# Il sistema si blocca all settaggio dell UTC (a volte)

## golaprofonda

 :Sad: 

Non mi era mai capitato ma ad alcuni miei amici succede con altre distro. Succede che A VOLTE, all avvio del kernel il sistema si blocca su "Setting universal time....bla bla UTC"...dice ok ma si blocca li. Ho provato ad aspettare ma non cè niente da fare. Poi riavvio e magicamente parte tutto..

Penso che dipenda dal fatto che visto che lo uso sempre con la rete, quando lo accendo scollegato si blocca li. può essere? infatti per adesso mi è sempre successo a rete scollegata..

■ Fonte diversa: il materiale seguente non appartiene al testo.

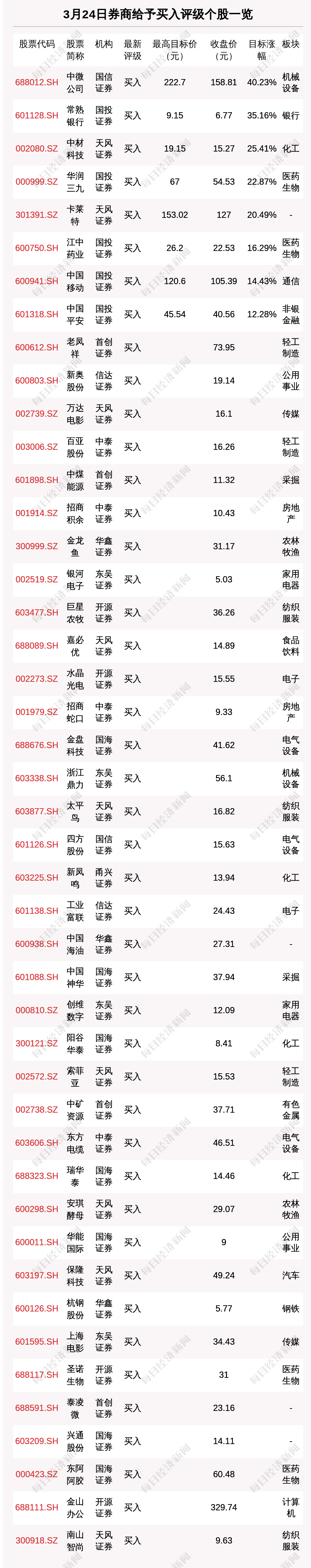 每经AI快讯,3月24日,券商给予评级的个股数共有57只,获得买入评级的个股数共有45只。在公布了目标价格的8只个股中,按照最新收盘价计算,预期涨幅排名居前的个股是中微公司(688012.SH)、常熟银行(601128.SH)、中材科技(002080.SZ),预期涨幅分别是40.23%、35.16%、25.41%。

 :Confused:   cosa può essere? forse è capitato anche a voi..

----------

## lavish

Usi per caso qualche sw per la sincronizzazione via rete?

Se sì, prova a farne a meno

----------

## golaprofonda

 *lavish wrote:*   

> Usi per caso qualche sw per la sincronizzazione via rete?
> 
> Se sì, prova a farne a meno

 

no nessun software di sync..(intendevi ntp o simili vero?)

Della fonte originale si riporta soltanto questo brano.